For any odd positive integer $k\geq1$, the sum $1^k+2^k + \dots + n^k$ is divisible by $n(n+1)\over 2$.
I used induction principle for the solution but cannot prove it.
I took $P(k) = 1^k+2^k+\dots+n^k$.
For $P(1)$ it is true.
For $P(n)$ let it be true.
But for $P(n+1)$ I cannot solve it.
For odd $k$ we have that $$ a^k+b^k=(a+b)(a^{k-1}-a^{k-2}b+a^{k-3}b^2-\dots+b^{k-1}) $$ Thus, each column of $$ \begin{align} &0^k+\hphantom{(n-\ )}1^k+\hphantom{(n-\,\,)}2^k+\dots+n^k\\ &n^k+(n-1)^k+(n-2)^k+\cdots+0^k \end{align} $$ is divisible by $n$ and each column of $$ \begin{align} &1^k+\hphantom{(n-\ )}2^k+\hphantom{(n-\,\,)}3^k+\dots+n^k\\ &n^k+(n-1)^k+(n-2)^k+\cdots+1^k \end{align} $$ is divisible by $n+1$. Since $(n,n+1)=1$ we get that $$ n(n+1)\,|\,2(1^k+2^k+3^k+\dots+n^k) $$ and therefore, since $n(n+1)$ is even, $$ \left.\frac{n(n+1)}{2}\middle|1^k+2^k+3^k+\dots+n^k\right. $$
Let $\Pi_n$ be the vector space of polynomials with real coefficients and degree $\le n$. Consider the map $\Delta: \Pi_{k+1} \to \Pi_{k}$ given by $(\Delta P)(x) = P(x+1)-P(x)$. This is a linear map from an $k+2$-dimensional vector space to a $k+1$-dimensional vector space with a $1$-dimensional kernel consisting exactly of the constant functions. Hence, by the rank-nullity-theorem $\Delta$ is surjective. Thus there is a $Q \in \Pi_{k+1}$ such that $Q(x+1)-Q(x)=(x+1)^k$. Define $P(x)=Q(x)-Q(0)$. Then for each $n \in \Bbb N$:
$$P(n)=Q(n)-Q(0)=n^k+Q(n-1)-Q(0)=n^k+(n-1)^k+Q(n-1)+Q(0)=\ldots=n^k+(n-1)^k+ \ldots +1^k+Q(0)-Q(0)=n^k+(n-1)^k+\ldots+1^k$$.

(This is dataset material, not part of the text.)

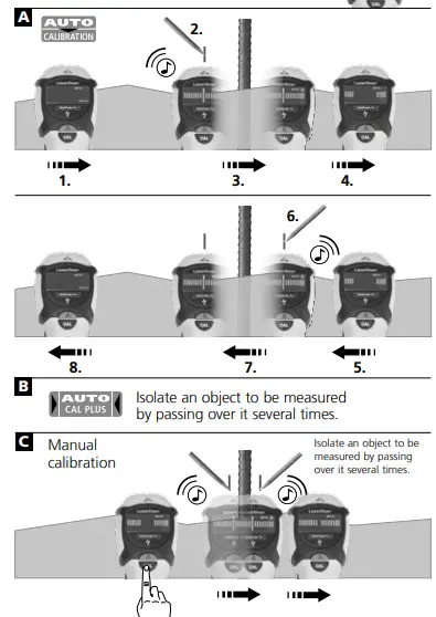 - Tip 1: The position between the two markings is the mid-point of the metal object. Through the high measuring sensitivity, thick metal objects appear broader than they are in real life. Therefore move the device over the newly found object as shown in Image B. The device is calibrated automatically during this process. Manual calibration should be performed near the place found last as shown in Image C. Repeat this step as needed.

Since $P(0)=P(-1)=0$, $X$ and $X+1$ divide $P(X)$, $X(X+1)|P(X)$. Hence $P(n)/(n(n+1))$ is a rational whose denominator can be assumed to have a fixed value $q$. On the other hand, choosing $n$ so large that $n(n+1)$ has only the divisor 2 smaller than $q$,you see that the denominator of $P(n)/(n(n+1))$ must be $2$ hence it must always be $2$ or $1$ and $n(n+1)/2|P(n)$.
As $k$ is odd,
$r^k+(n+1-r)^k$ is divisible by $r+(n+1-r)=n+1$
and $s^k+(n-s)^k$ is divisible by $s+(n-s)=n$
Putting $r=1,2,\cdots,n-1,n$ and adding them we get
$$(n+1)|\sum_{1\le r\le n}\{r^k+(n+1-r)^k\} \implies (n+1)|2\sum_{1\le r\le n}r^k$$
Putting $s=1,2,\cdots,n-1,n$ and adding them we get
$$n|\sum_{1\le s\le n}\{s^k+(n-s)^k\} \implies (n)|2\sum_{1\le s\le n}s^k \implies n|2\sum_{1\le r\le n}r^k$$
Now, either $n$ or $n+1$ is odd
If $n$ is odd, $$n|2\sum_{1\le r\le n}r^k\implies n|\sum_{1\le r\le n}r^k$$
$$\implies \text{lcm}(n+1,n) | 2\sum_{1\le r\le n}r^k$$
$$\implies n(n+1) | 2\sum_{1\le r\le n}r^k\implies \frac{n(n+1)}2 | \sum_{1\le r\le n}r^k$$
Similarly when $n+1$ is odd
Since $1+2+...+n = \dfrac{n(n+1)}{2}$, you can prove separately that $S_k = 1^k+2^k+...+n^k$ is divisible by both $n$ and $\dfrac{n+1}{2}$ for $n$ odd, $n/2$ and $n+1$ for $n$ even.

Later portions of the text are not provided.